JM Hurst devoted an entire section of his Hurst Cycles Course to a consideration of the price movement of GOLD. Market Cycles are evident in the price movement, but would seem to be longer than the cycles found in the price movement of stocks and stock market predictions. In Sentient Trader one could create a custom nominal model with longer cycles, but in fact JM Hurst proposed that the market cycles were only about 50% longer. The Sentient Trader technical analysis software will allow cycles up to 50% longer than the nominal model it is working with, and so I have always used the default nominal model when analyzing Gold, and I have found that it works fairly well.
What is particularly interesting though is whether Gold’s price moves similarly to a stock (with synchronized troughs) or similarly to a commodity (with synchronized peaks). Looking at the price movement doesn’t provide any obvious answer (as opposed to looking at the price of coffee for instance which clearly has synchronized peaks). And so how do we answer this question?
Fortunately that is very easy. We simply have Sentient Trader perform an analysis one way up, and then perform an analysis the other way up.
Here is an analysis performed by Sentient Trader assuming synchronized troughs:
The analysis looks reasonable. There is nothing that stands out and shouts that we should be performing an inverted analysis (apart from the fact that the entire period from 1996 to 2011 looks like a very smooth inverted nominal 18-year cycle) . The troughs of the cycles (indicated by the diamonds) do look like probable troughs, and the cycles seem generally fairly well formed.
Let’s take a look at the analysis performed assuming that the peaks of the market cycles are synchronized (called an inverted analysis in Sentient Trader):
This chart is probably a little more difficult to grasp at first glance even if you are an experienced analyst. There is something that seems all wrong about having the analysis presented at the top of the chart, but this is how JM Hurst himself marked the peaks of cycles, with triangles at the top of the chart, and so Sentient Trader does exactly the same.
Interestingly the analysis here also looks reasonable. There are one or two questionable peaks, but overall it seems to be a perfectly valid analysis.

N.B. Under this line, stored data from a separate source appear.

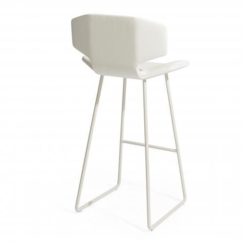 Sırt dayanağı olan tabure, bütünü kavisli kontrplak yapısına sahip, ayakları paslanmaz çelik borudan yapılmıştır. Deri veya kumaş kaplama, kenarlarındaki eşleşen borularla tamamlanır. Metal parçalar, metal yüzey seçiminde yer alan herhangi bir renkle lake edilebilir veya toz boya ile kaplanabilir.
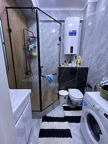 - Санузел с душевой кабиной в черной рамке: душ с полочками-органайзерами, навесной унитаз, тумба-умывальник с ящиками, стиральная машина, бойлер накопительный для горячей воды. Отделка стен крупноформатной плиткой «под мрамор» и деревом.
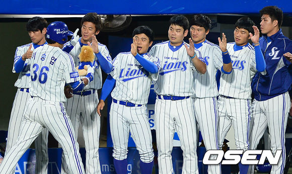 13일 오후 대구시민운동장 야구장에서 열린 2013 한국야쿠르트 세븐프로야구 삼성 라이온즈와 롯데 자이언츠의 경기, 1회말 1사 1,2루에서 삼성 이승엽이 우월 스리런 홈런을 치고 덕아웃에서 동료들의 축하를 받고 있다.
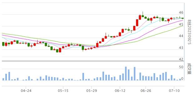 今日(2023年07月13日,周四)中國繭絲綢交易市場生絲指數(shù)下跌0.14%收于4591.54點。B絲(商檢4A級生絲):230725合約下跌0.09萬元報收于45.45萬元;230925合約下跌0.06萬元報收于45.66萬元;240325合約下跌0.06萬元報收于46.77萬元。
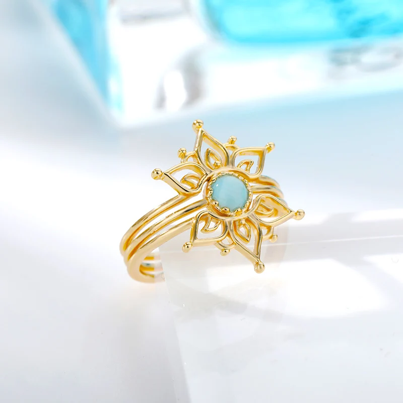 Изысканное обручальное кольцо из нержавеющей стали с голубым опалом и цветком лотоса
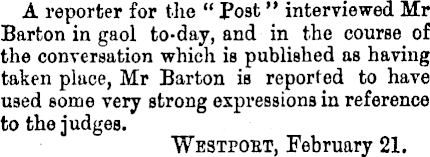 A reporter for the " Post" interviewed Mr Barton in gaol to-day, and in the course of the conversation which is published as having taken place, Mr Barton is reported to have used some very strong expressions in reference to the judges. Westpobt, February 21.
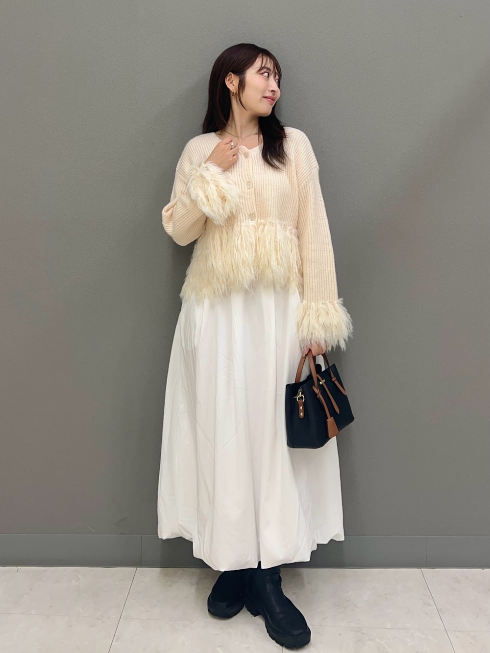 ヤノアミ(SENSE OF PLACE ジョイナス横浜)のニット/セーター「フェザーフリンジセーター」を使ったコーディネート
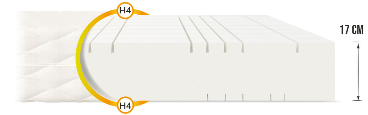 GOYA is a universal foam mattress with a height of 17 cm , which provides quality sleep for the whole family. Its construction is simple, as it was cut from a single piece of foam, and yet it has many advantages. The double-sided mattress is divided into 7 zones thanks to a series of longitudinal and transverse cuts. This leads to a significant increase in plasticity, which provides excellent support for the spine and therefore you will wake up refreshed and full of energy.
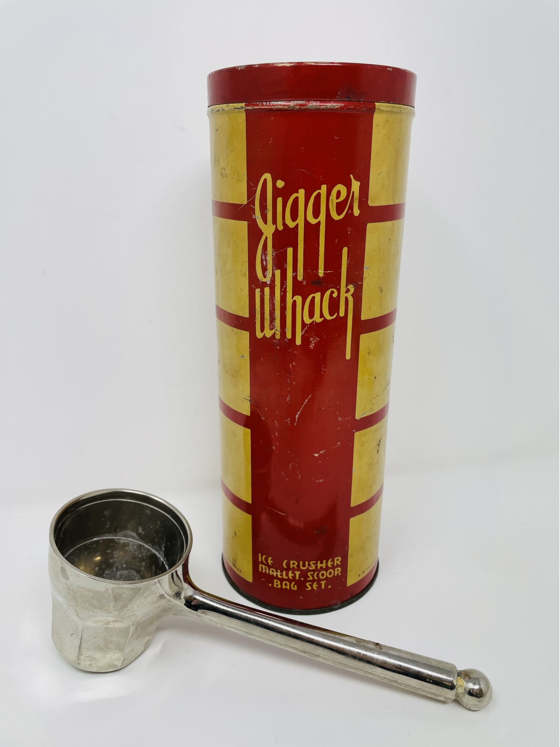 Vintage Liquor Bar Jigger Whack Ice Crusher In Tin Can
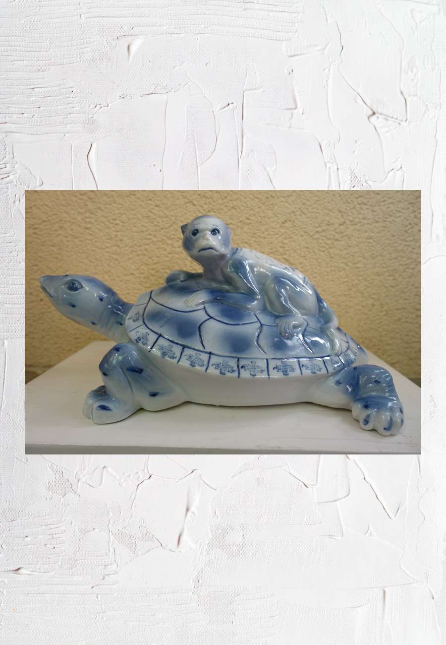 Auf dieser Schildkröte hat es sich ein Affe bequem gemacht, Made in China, Größe 35 cm.
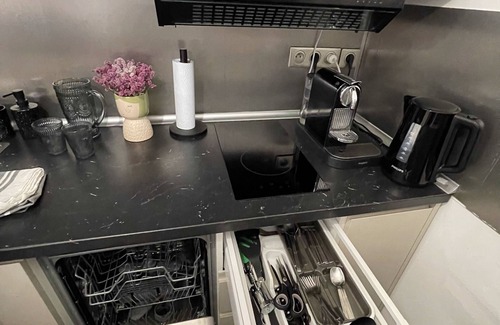 This 1-bedroom rental features a living room, a dining area, a sofa bed, and air conditioning. Bathroom amenities include a hair dryer, free toiletries, and towels. The kitchen is equipped with a stovetop, a refrigerator, and a dishwasher, as well as a coffee maker, an electric kettle, and a microwave. And you won't have to pack extra clothes, because you'll have a washer and dryer, too.
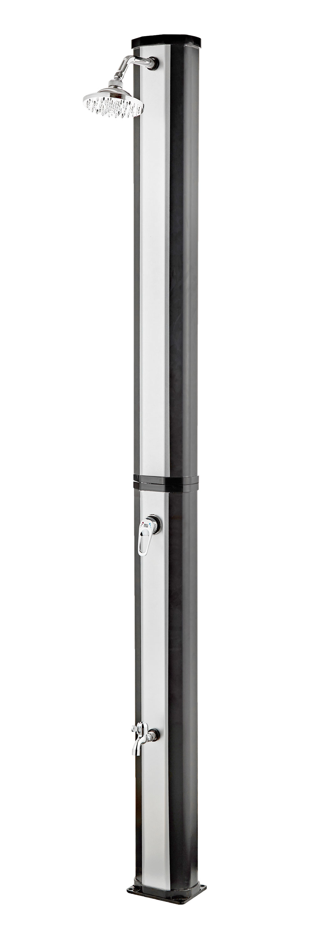 Tělo sprchy v elegantní černo stříbrné barvě slouží zároveň jako solární kolektor. Absorbuje sluneční paprsky a ohřívá vodu bez potřeby elektřiny nebo plynu. Sprcha před koupáním navíc pomáhá udržet vodu v bazénu čistší a snižuje množství nečistot, které by se jinak dostaly do bazénu.

And so how can we answer the question? Synchronized peaks or troughs? One way of doing so in the situation when one wants to compare two valid analyses is to use Sentient Trader’s Analysis Rating information.
Here is the rating for the analysis performed assuming synchronized troughs:
And here is the rating for the analysis performed assuming synchronized peaks:
That is also interesting because both are fairly similar, but in my opinion the synchronized peak analysis wins the match because of the much better VTL and FLD confirmations. These values give an indication of how often a VTL or FLD projection was confirmed by price. Obviously the higher the confirmation the better the analysis. These are also important figures to consider when trading an instrument because trading decisions are made on the basis of VTL’s and FLD’s.
And so I would choose the synchronized peak analysis. Now let’s take a look at what the cycles are saying in both of these analyses and see if we can draw some conclusion about where the price of Gold is going over the next year or two.
First of all the preferred technical analysis, assuming synchronized peaks:
You will see that a prominent peak (the 60 month, or nominal 54 month cycle) is expected now, as shown by the nest-of-highs if I’m allowed to paraphrase JM Hurst.
And so this chart is clearly indicating that the price of Gold is peaking (perhaps it did so last week), and is expected to fall as it starts the next 54-month nominal inverted cycle, and is likely to fall for some time (a year or two).
Here is the picture provided by the technical analysis performed on the assumption that the troughs are synchronized:
This analysis places a trough of the nominal 54-month cycle in October of 2008, and indicates that we are now right in the middle of the central of the three 18-month market cycles into which the 54-month market cycle sub-divides (some analysts believe that Gold sub-divides into two 27-month cycles, but that will have to be the subject of a separate ST Outlook).
And so effectively this analysis is saying exactly the same thing as the inverted analysis: a peak is expected about now, after which price will fall, although in this case it will be falling into the nominal 18-month trough expected in early 2012, and then further to the nominal 54-month trough expected in late 2013.
As a matter of interest the above analysis looks very much to me like the early development of a 40-week straddled trough, which could provide a clear answer to our question:
- If a clearly defined straddled trough DOES develop, then that would indicate that we should assume that the troughs are synchronized.
- If on the other hand a straddled trough does NOT develop then that provides further evidence that we should assume that the peaks are synchronized.
And so in summary, I believe that Gold is losing its lustre (luster for our American users)!
Some may counter this argument by claiming that both the Stock Markets and Gold cannot fall at the same time because isn’t Gold the safe haven to take refuge in when the markets are falling?
If one looks at the historical movements of the Stock Market and Gold one realizes that in fact there is little truth in this old adage, and I believe that we are in for a tumble in both markets.
That is what I believe the Cycles are saying!